45日間の宇宙の旅を経て、3月2日午後5時35分(日本時間)、ブルーゴーストは月の北東側に位置する玄武岩の平原「危難の海(マーレ・クリシウム)」への着陸に成功。着陸後、地球との通信も確立され、ミッションは順調に進んでいます。
ファイアフライ・エアロスペースのジェイソン・キム最高経営責任者(CEO)は、「ファイアフライは文字通り、そして比喩的に月の上空にいます。当社のブルーゴースト月着陸船は今や月面に恒久的な拠点を構えることができました。」と声明を発表し、今回の成功を喜びました。
今後の月面探査計画

探査内容と目的
今後、ブルーゴーストは月の1日(地球の14日間に相当)をかけて、月面の探査活動を行う予定です。この探査機には、NASA製の科学観測機器が10個搭載されており、NASAの商業月面輸送サービス(CLPS)の一環として、将来の有人月面ミッションを支援するためのデータ収集を行います。

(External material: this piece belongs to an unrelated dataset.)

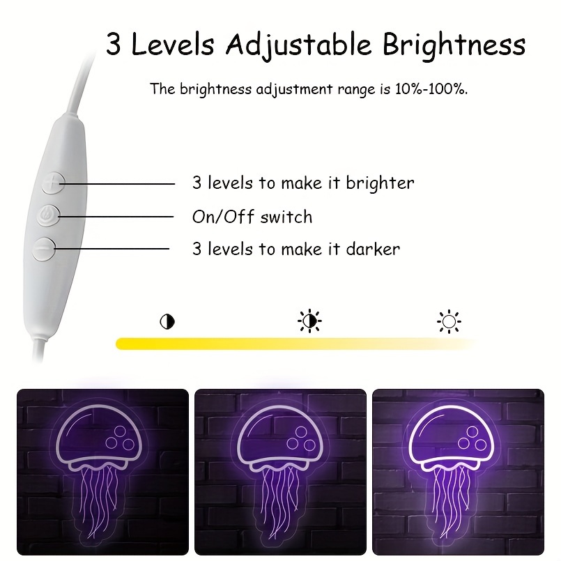 1 PC PURPLE JELLYFISH LED NEON SIGN, 3D ENGRAVING, AMBIENT WALL DECORATION NEON SIGN FOR BARS, OCEAN THEMED PARTIES, OFFICES, HOMES, CLUBS, LIVING ROOMS, BEDROOMS AND HOME WALL DECORATIONS, PREFERRED AS BIRTHDAY AND HOLIDAY GIFTS FOR FRIENDS AND FAMILY, USB POWERED ILLUMINATED SIGN HANGING UNIT, 5V USB POWER SUPPLY
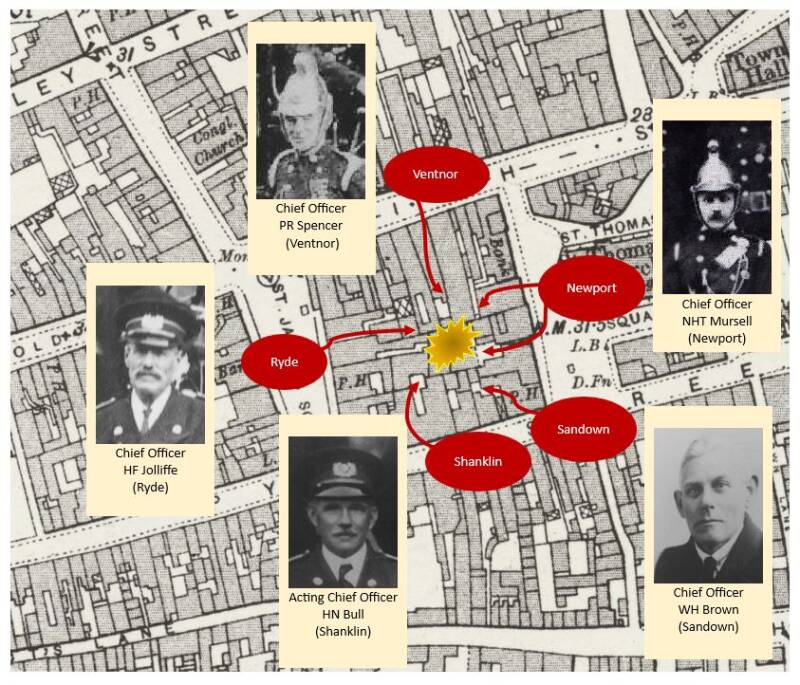 The age of the motor fire engine had come – assistance was forthcoming, rapid, and allowed a far greater weight of fire attack to be undertaken. Never before had this happened on the Isle of Wight, or to Chief Officer Mursell who was suddenly faced with his contemporaries from East Wight all looking to him for his guidance and a combined plan of attack. Among the faces were Chief Officer’s Henry Frederick Jolliffe of Ryde, Wilfred Harry Brown of Sandown, Percy Robert Spencer of Ventnor, and Acting Chief Officer Harry Newton Bull of Shanklin. There was no procedural manual, no precedent had been set, and none of those present had the experience of it in an incredible 162-years of combined service.

NASAによると、探査では月面の地下掘削、表土サンプルの収集、全地球航法衛星システム、月の塵の軽減方法などのテストが行われるとのことです。
皆既月食と日没の撮影
また、3月14日には地球が太陽と月の間に位置し、地平線上の星の光を遮る皆既月食が起こります。ブルーゴーストは、この皆既月食を月から撮影する予定です。さらに、2日後には月面からの日没を撮影し、太陽の影響で月の塵がどのように浮遊するかに関するデータを収集します。太陽が沈んだ後も、着陸機は浮遊する月の塵の画像を撮影し続け、日没後の挙動の変化を観察します。
続々と月へ向かう民間着陸機

現在、他にも2機の民間着陸機が月を目指しています。日本の企業、アイスペースの着陸船「レジリエンス」は、日本の民間企業として初の月面着陸に挑戦します。レジリエンスは、ブルーゴーストと同じスペースX社製のロケットに搭載され、2月15日に月面をフライバイし、4月の着陸に向けて準備を進めています。
そして、インテュイティブ・マシーンズの2機目となる着陸機「アテネ」も2月26日に打ち上げられ、3月6日に月面着陸を予定しています。